To get a general understanding of what you have agreed to learn, try OpsSchool. Everybody is talking about DevOps, but is there a common understanding what it means? What is included in this profession and what is not? What needs to be mastered?

We set up a special DevOps training where we used our test system (basically with an equal setup like our production system, but with fewer instances) to create real life problems and let the trainees try to solve them. These simulations were inspired by problems that actually occurred during OCD shifts. Going through them again helps to understand what could go wrong and how to tackle it. It increases trust and confidence in one’s ability to really fix a production issue and also supports team work.

In a kind of extended Slack Time (this is how we call the dedicated learning time of our employees, about 10% at the moment) we allowed our engineers to focus on and prepare for an AWS certification by watching the related videos and do workshops. For one week two colleagues were freed from any sprint duties and were able to digest the needed knowledge to pass the exam.

Other ways to learn:

Mentoring would require an experienced mentor to guide and educate. We haven’t had this kind of DevOps in our ranks, so we couldn’t go for this option. But it is a valuable direction to take.
Operations training could be part of the on-boarding process for engineers (e.g. pass an AWS certification)
Dedicate own Slack time on learning operations
In-house training is useful for educating a bigger group at once, but the current level of knowledge of the attendees needs to be considered, to not overtrain ones and bore others.
Let engineers take over tasks that require operational knowledge and let them grow on them.

Alternative Approaches

We struggled with our way of handling DevOps topics after while. To load those extra duties on the shoulders of our backend engineers didn’t seem to be right. Their performance suffered. On top Product Management became unhappy over this as it would affect their commitments as well.
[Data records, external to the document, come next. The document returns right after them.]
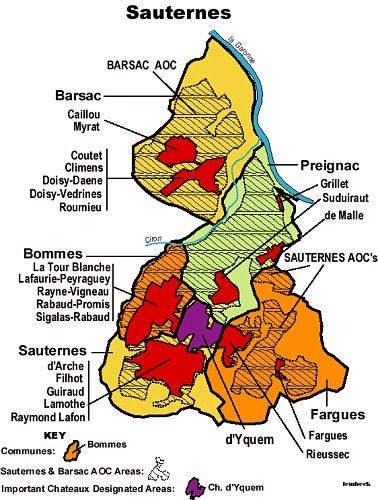 -Saint-émilion: tiếp giáp với Pomerol về phía Đông Nam là những ruộng nho bát ngát của quận St.Émilion bao quanh một ngôi làng cổ với những kiến trúc từ thế kỉ thứ 12 còn sót lại. Rượu ở khu vực St.Émilion được xếp thành hai đẳng cấp là Premiers Grands Crus Classes và Grands Crus Classes. Sauternes Sauternes: tiếp giáp với quận Pesac Léognan về phía Nam là Sauternes, đây là nơi sản xuất ra rượu vang trắng có vị ngọt đậm đà như mật ong, thơm tho như nước cam mà người ta vẫn ca tụng không nơi đâu sánh kịp. Sở dĩ được mùi vị đó là vì những chum nho trắng hái trễ ở vùng này khi gặp thời tiết nóng và ẩm hay bị một loại nấm mốc gọi là Botryis tấn công. Botryis làm vỏ nho bị thủng những lỗ li ti khiến nước bên trong bốc hơi đi và chỗ nước nho còn lại trở thành cô dọng với mức độ đường rất cao, nhưng chỉ có nấm Botryis mới biến đổi chất đường trong nước nho thành thơm ngon đặc sắc nên người ta gọi là Mốc Quý Phái. Enter-Deuxmers
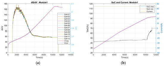The left side in Figure 11a shows the calculated IC curve by sampling the charging every 30 s and using a displacement of 30 between the two points used to calculate the IC. The IC calculation procedure defined in Section 3.2 has been used. In the right axis, the 12 cell voltages are visualized from 3.55 V to 4.07 V, approximately. Even though commercial elements were used to charge the module and to measure the cell variables, such as current and voltage, the IC result is very similar to the calculated one in the laboratory. In Figure 11b, the evolution of the current and state of charge of the 12 cells is visualized. The initial SOC is around 27%, and the module is charged to 95%.
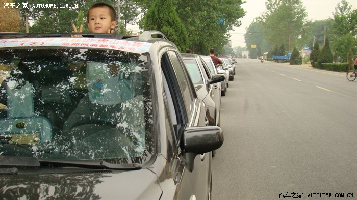 长长的车队,很是壮观,过往行人车辆,都是是看了又看。我儿子在观察前面车队的情况。
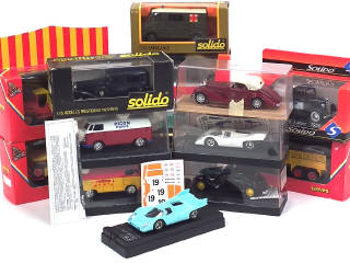 miniatures reproduisant les modèles : CITROEN, RENAULT, DODGE, GMC, FORD, PORCHE, TALBOT, CHEVROLET, VOLKSWAGEN & MERCEDES - on y retrouve les marques : SOLIDO & VEREM
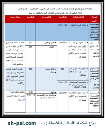المادة المطلوبة لمبحث جغرافية فلسطين وتاريخها للصف العاشر مهني (الفترة الرابعة) الفصل الثاني
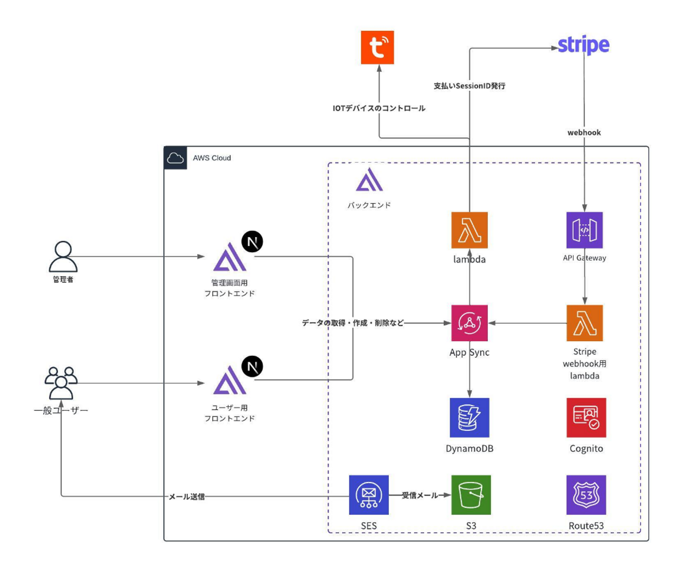 決済システムに関しては、Stripeを採用し、IoTデバイス自体はTuya.comを利用して内部で制御しています。
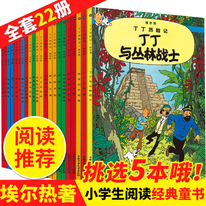 挑选5册 丁丁历险记漫画书全套22册单本16开本

Without going into more details, find a list of alternative approaches below we thought about:

NoOps
Outsource Ops work completely
Have external help (freelancers, specialised companies) in-house
Hire dedicated DevOps people again

And now?

We hired a DevOps person again and looking to expand this function. Being responsible for running web-scale infrastructure, continuously re-evaluating its architecture, costs and optimisations is a full-time job from a certain company size on. And setting up and maintaining the infrastructure is not the sole responsibility of DevOps work. Worth noting are also security and automation.

But our backend engineers are not freed from DevOps duties completely. We strive for collaboration between operations and development. And having infrastructure-aware developers is a great plus in terms of reliability and costs of our system.

Conclusion

It is possible to train developers and grow an operational mindset plus interest in this discipline as well. But this requires to give them all opportunities to deep-dive into this field. Support is key and continuous motivation. And dedicate enough time of course. And pay the bills. But also be aware that operational duties take time, need to be planned properly alongside product features and take away resources from product work. Product Management might be unhappy over this as it would affect their commitments.

Going through all these transitions at upday was quite a trip, but a worthwhile one. We grew as a company, value each discipline more and finally know exactly how we want to be set up to feel comfortable and create our best output possible.